All that amendment asks for is for American soldiers to follow the Army Field Manual. The field manual contains our doctrine and the way we’re supposed to behave. It’s our doctrine.

(CROSSTALK) POWELL: I have no idea why they would be against it, but the president is against it and the administration is against it because they think it will constrain them in some ways with respect to, I guess, interrogation of detainees.

But we have such a problem in this regard that I think it’s important that the Congress take a stand on this. Congress, under the Constitution, Article I, Section 8, is the body that makes laws and regulations governing the armed forces. They’re not telling the administration what to put in this field manual.

They’re saying, if it’s a field manual and it’s guidance to the troops, what’s wrong with the United States Congress also endorsing that? And so I hope that the amendment does pass either in the defense authorization or the appropriation bill.

Did you hear that, Senators Allard and Inhofe?

QUOTE FOR THE DAY

“Earlier this year, I received notice that my dues for the District of Columbia Bar were delinquent and as a result my ability to practice law in D.C. had been suspended. I immediately sent the dues in to remedy the delinquency. The nonpayment was not intentioned, and I corrected the situation upon receiving the letter.” – Harriet Miers. Ryan Lizza removes the “details-oriented” qualification from the list.

THE AXING OF BARTLETT

I cannot say I’m surprised. Bruce Bartlett is an actual fiscal conservative. He has principles. His loyalty is to his ideas, not to the conservative intelligentsia’s think-tank welfare-state. If I were him, I’d be delighted to be fired for dissent. It’s good publicity for his book; and a sign of his integrity. Memo to Bruce: get a blog. The pressure for herd mentality is less intense when you’re in pajamas in the home office; and you don’t have to hide your contempt for the sell-outs and suck-ups who walk by your office every day.
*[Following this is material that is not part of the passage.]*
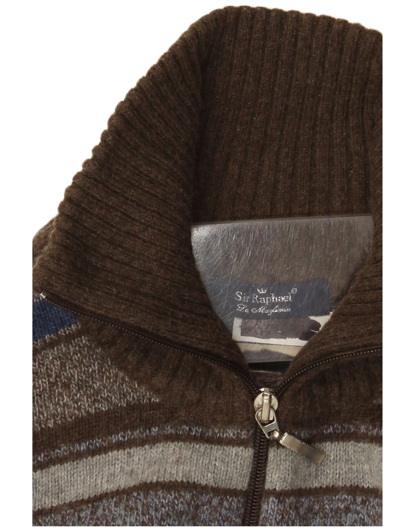 - Descrizione dell'IA: Questo maglione cardigan da uomo Sir Raphael è realizzato in morbido tessuto a maglia. Presenta un caratteristico motivo a strisce nei toni del marrone, grigio e blu. Il collo alto offre calore e una classica silhouette a collo alto. Una chiusura con zip completa corre lungo la parte anteriore, completando la vestibilità regolare. Finitura delle maniche lunghe con comodi orli con risvolto. Questo pezzo in stile retrò offre comfort e un'estetica senza tempo.

REYNOLDS NAILS IT: I think Instapundit gets to the core of the Miers problem here:

Despite charges of cronyism, Ms. Miers is not simply the president’s crony, but his lawyer — formerly his personal attorney, and now his presidential attorney. This has already given rise to paranoid theories from the left to the effect that Mr. Bush is trying to protect himself from prosecution growing out of the Plame affair or the Iraq war. These theories are unlikely, not least because Ms. Miers’s current position would probably disqualify her from hearing precisely those kinds of cases. And even if she were not disqualified, there might be doubts about her objectivity that would undermine the court’s reputation.

What if Clinton had appointed David Boies to the court? More to the point: I’m not sure the worries from the paranoid left are entirely misplaced. From all I hear, Miers was hardly unaware of the decision to torture detainees and certainly knows a huge amount about the decision by the White House to upend decades of clarity on the matter. Putting her on the court is one way of keeping her – and what she knows – beyond public scrutiny.